The final element where Free Agency and the Draft over-lap is in the Compensatory Pick formula. So when a high-profile player makes his money grab on the open market, you can get a player to replace him in the form of an additional future draft pick. GMs essentially trade top-of-the-market contracts and little club control, for volume in the draft, added service years and cheap club control of player contracts. It’s the money-laundering of the NFL. As if staying youngry and inexpensive weren’t reward enough, good GM’s like John Schneider & Bill Belichick play the Comp Pick game to maximum effect. There’s a reason you see these names associated with the majority of Lombardi Trophies presented over the past number of years.

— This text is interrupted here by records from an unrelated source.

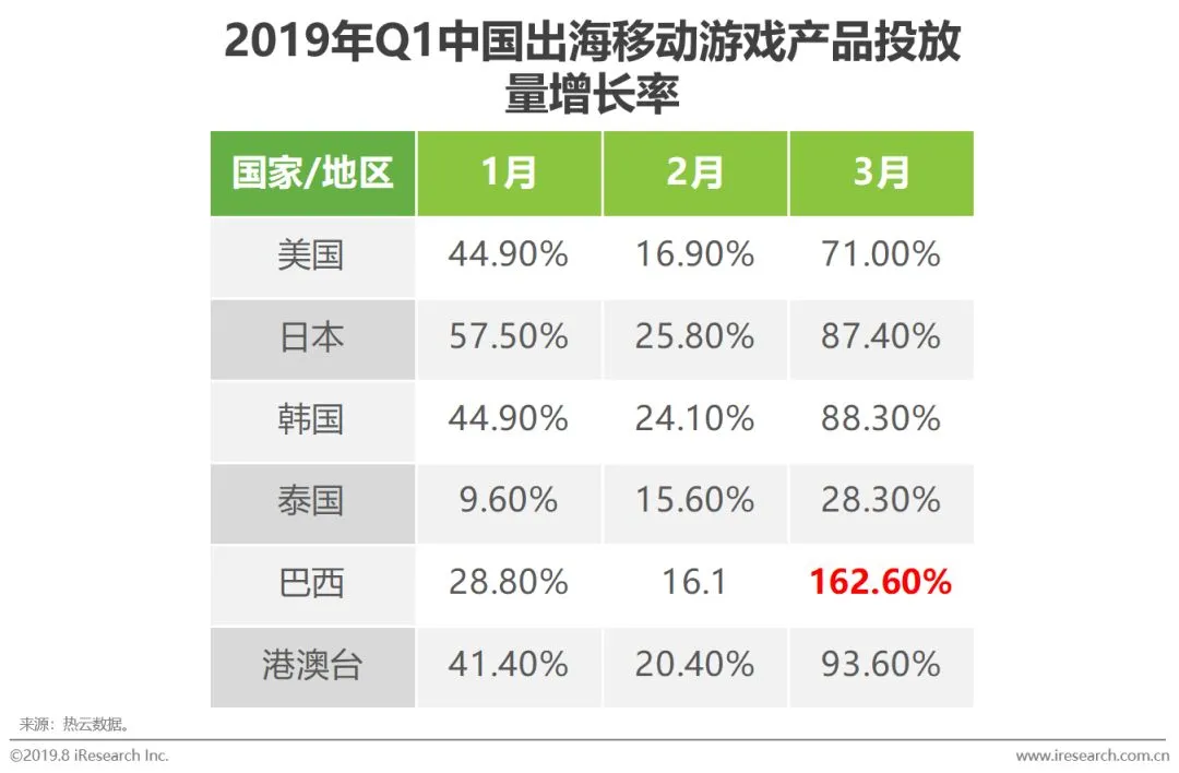 据热云数据统计显示,2019年1-3月,中国出海移动游戏产品在美国、日本、韩国等多个海外热点市场中的投放数量均获高速增长。其中仅2019年3月,中国出海移动游戏在巴西市场的产品投放的增速就高达162.6%。此外,在东南亚的泰国市场,中国企业的投放力度也正在逐月递增。海外发展中地区市场正成为中国游戏厂商近期着重布局的市场板块。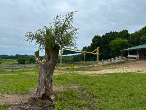 Willow trees like a lot of water, so all this rain is giving the dying tree in the paddock a boost. There’s enough new growth sprouting out of what remains of that tree to provide a little shade for the horses again.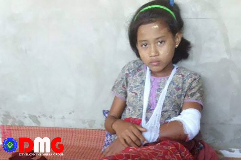 There was a three-hour long battle near Ma Nyin Taung village, about a mile from Kyauk Yan village, on 30 October morning. A stray bullet from the fighting hit Ma Hnin Chay, a 13-year-old student in her left arm.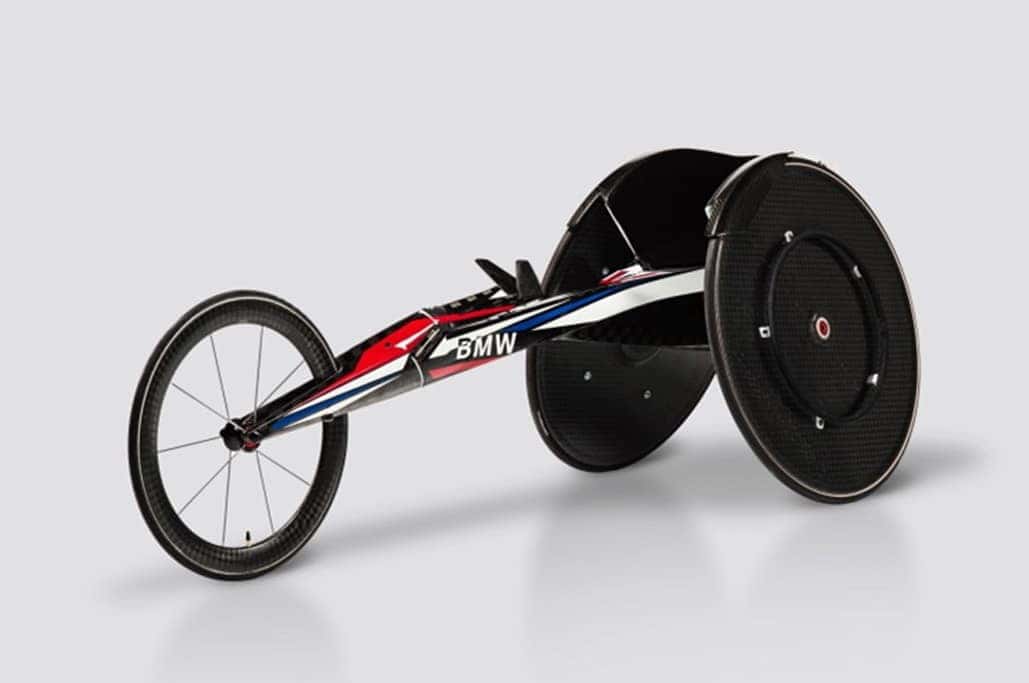 Developed by world-class designers and engineers, the new racing wheelchair draws upon the aesthetics and engineering of the automaker’s signature vehicle design. Encompassing BMW’s core competencies and fundamentals, the wheelchair features modernized aerodynamic efficiencies, carbon fiber material, a complete chassis redesign and a personalized approach for customized athlete fit.

They are the current masters of the salary cap universe. Youth, volume, club control, cost control, service time, risk management. These are the lexicon of NFL success.

So the draft is essentially where you stay young and cheap, maximizing club control of player contracts over the long term at key positions. Free agency is where you plug short-term holes by paying market values over the near-term that lack the essential element of club control. While it’s possible to find value in free agency, you can think of it as shopping Whole Foods versus Costco. With a limited grocery budget, you can impress your friends with a nice dinner this weekend, but by the end of the month you’ll be eating Top Ramen and pizza crusts again.

My goal was to bring greater awareness for and clearly define the goals, strategies and tactics used by the most successful GMs in the NFL when building their rosters. Positional values, contract slotting, free agency and the draft are tools they use to accomplish this. They are not separate things. These are pieces to a larger puzzle and they can only be successful in coordination and in relation to one another. Addressing what we generally perceive to be team needs is a multi-faceted, multi-year project and there is no savior on the way that could effectively plug every hole in a roster. At best, roster building is a craps shoot and successful GMs hedge, stall and haggle at every opportunity to keep the whole thing affordable. They do this with limited resources, knowing there is no such thing as loyalty or home town discounts, and their fellow franchises lining-up to cut their throats at every turn. It’s a brutal marketplace for a brutal sport and it demands fresh blood constantly.